Die Frage laute nun, wie viel der deutschen Gesetzgebung die Freiheit der Bürger_innen wert sein wird, glaubt Alex. „Das wird viel Geld kosten, weil es nicht nur umfangreiche Baumaßnahmen, sondern auch eine Personalausstattung in den Einrichtungen erfordert, insbesondere im therapeutischen Bereich, die die gegenwärtigen Ressourcen um ein Vielfaches übersteigen“, so der RUB-Jurist. „Hinzu kommt, dass mit verbindlichen Regelungen für Vollzugslockerungen und Entlassungsvorbereitungen auch mehr Risiken eingegangen werden, dass solche Maßnahmen nicht immer erfolgreich verlaufen. Zur Verbesserung der Entlassungsbedingungen und zur Vorbereitung eines sozialen Empfangsraums wären solche Maßnahmen aber allemal risikomindernder als die gegenwärtig häufig praktizierte Form der Entlassung ohne Vorbereitung.“

Populismus gegen Vernunft

Gesellschaftlich ist das Thema Sicherheitsverwahrung sehr emotional besetzt. Die medial geschürte Angst vor dem „Kinderschänder in der Nachbarschaft“ steht in keinem Verhältnis zu der tatsächlichen Gefahr. Die wissenschaftliche Debatte über die Verfassungswidrigkeit der präventiven Haftstrafe ist so abstrakt, dass die Rechte der Straftäter_innen für die Politik schwer zu vermitteln sind. Konservative Politiker_innen fordern ohnehin, die Sicherungsverwahrung so streng wie möglich zu erhalten.

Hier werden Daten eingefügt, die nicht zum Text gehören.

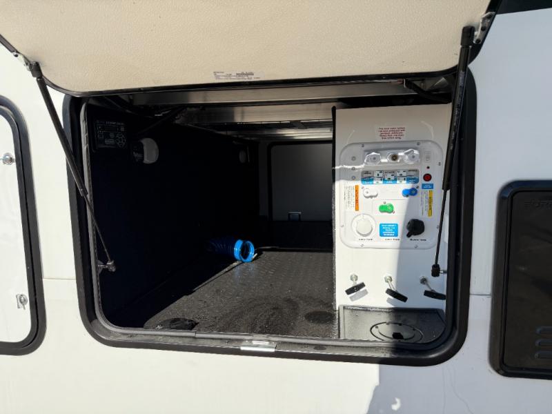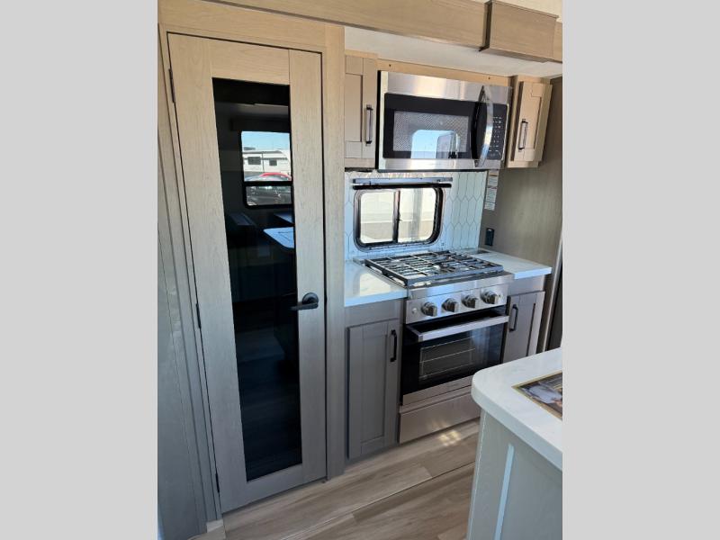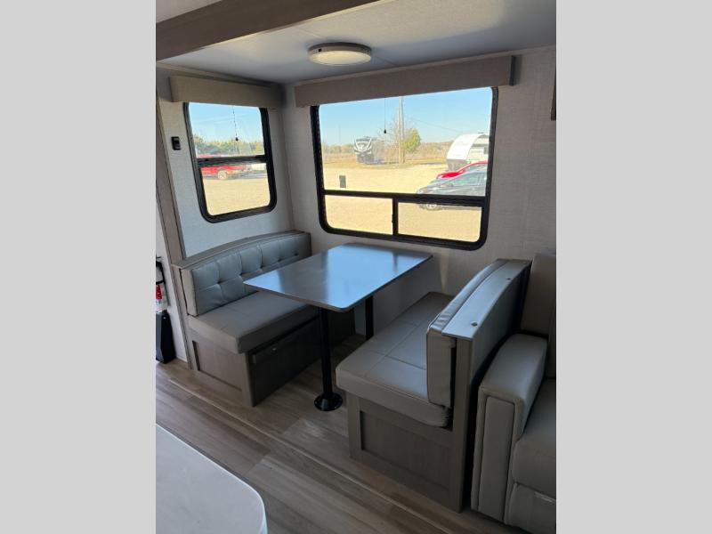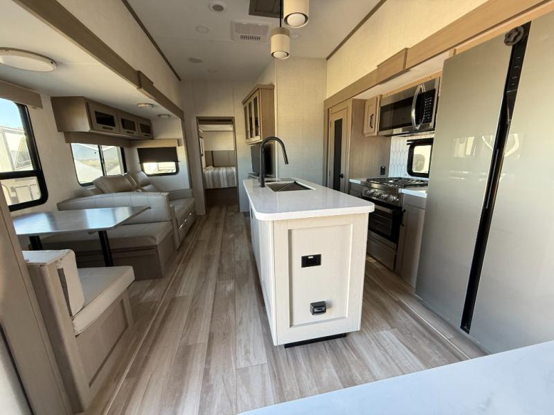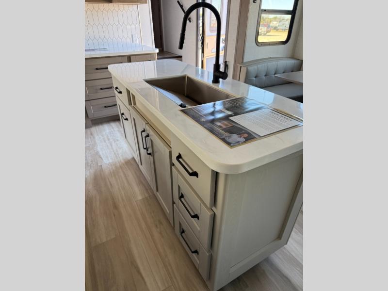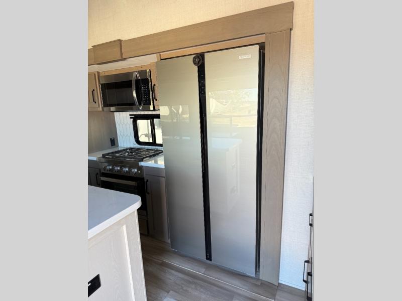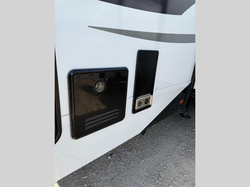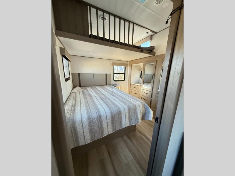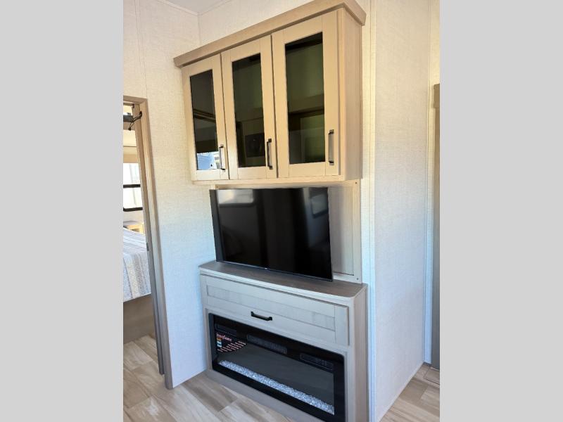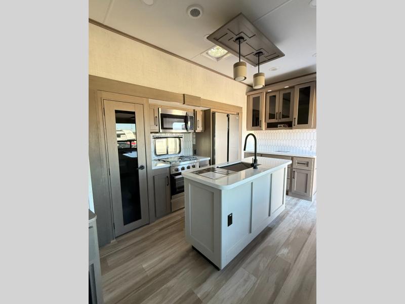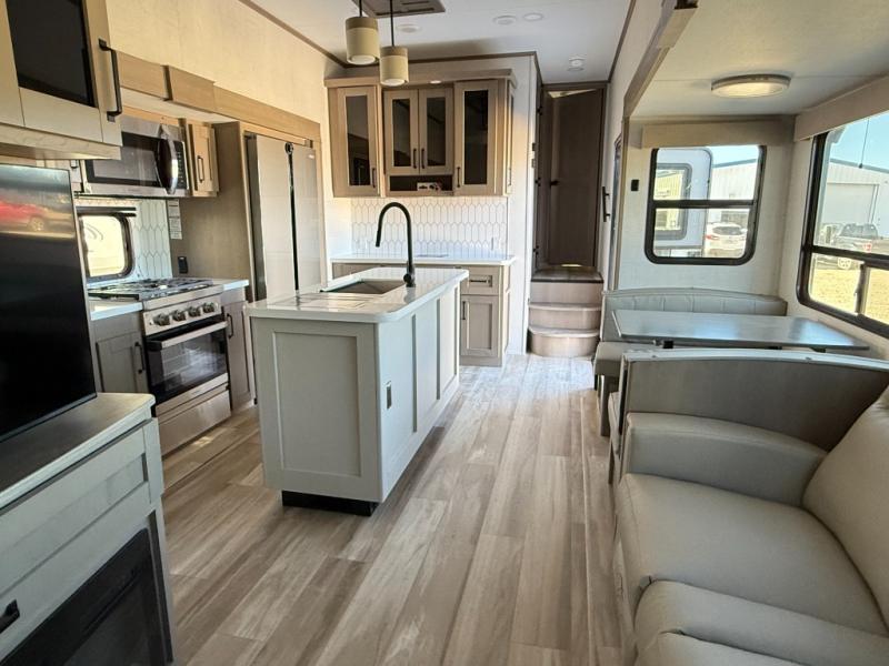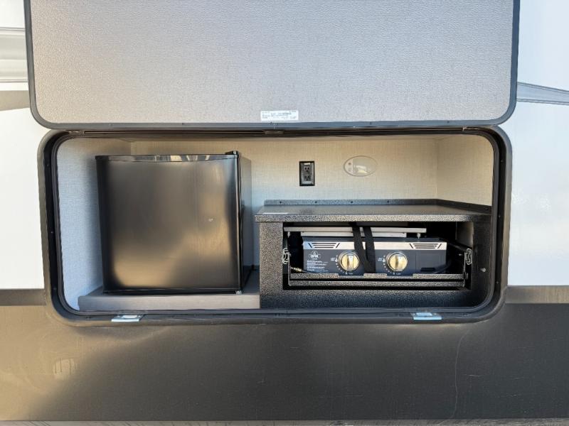 There is a whole lot to love about this fifth wheel! The front private bedroom has a queen bed to lay your head on at night, a slide with drawers and a linen closet, and even an entrance into the dual entry bathroom. The second private bedroom has a 54" x 74" top bed above a queen bed, a slide with a closet and drawers, and its very own half bathroom. The chef will have an easy time preparing delicious home cooked meals with the kitchen island, plus there is an outside kitchen complete with a 4.1 cu. ft. refrigerator to enjoy a cold beverage while you grill on the griddle. Enjoy a relaxing evening indoors either playing games at the booth dinette or on the theater seating across from the entertainment center with a fireplace and 40" TV. You could even switch out the seating for an optional tri-fold sofa or the dinette for an optional swivel dinette!

Das Urteil des Bundesverfassungsgerichts stellt die Gesetzgebung nun vor das Problem, ein freiheitsorientiertes und therapiegerichtetes Gesamtkonzept zu entwickeln und der präventiven Strafgesetzgebung ein Ende zu bereiten. Das wird schwer: „Zu befürchten ist, dass die wissenschaftlich gut abgesicherten Forderungen des Bundesverfassungsgerichts bei Bund und Ländern nicht für umsetzbar gehalten werden und wieder nur kosmetische Korrekturen erfolgen, mit denen sich das Bundesverfassungsgericht in einigen Jahren erneut herumschlagen muss“, so Alex.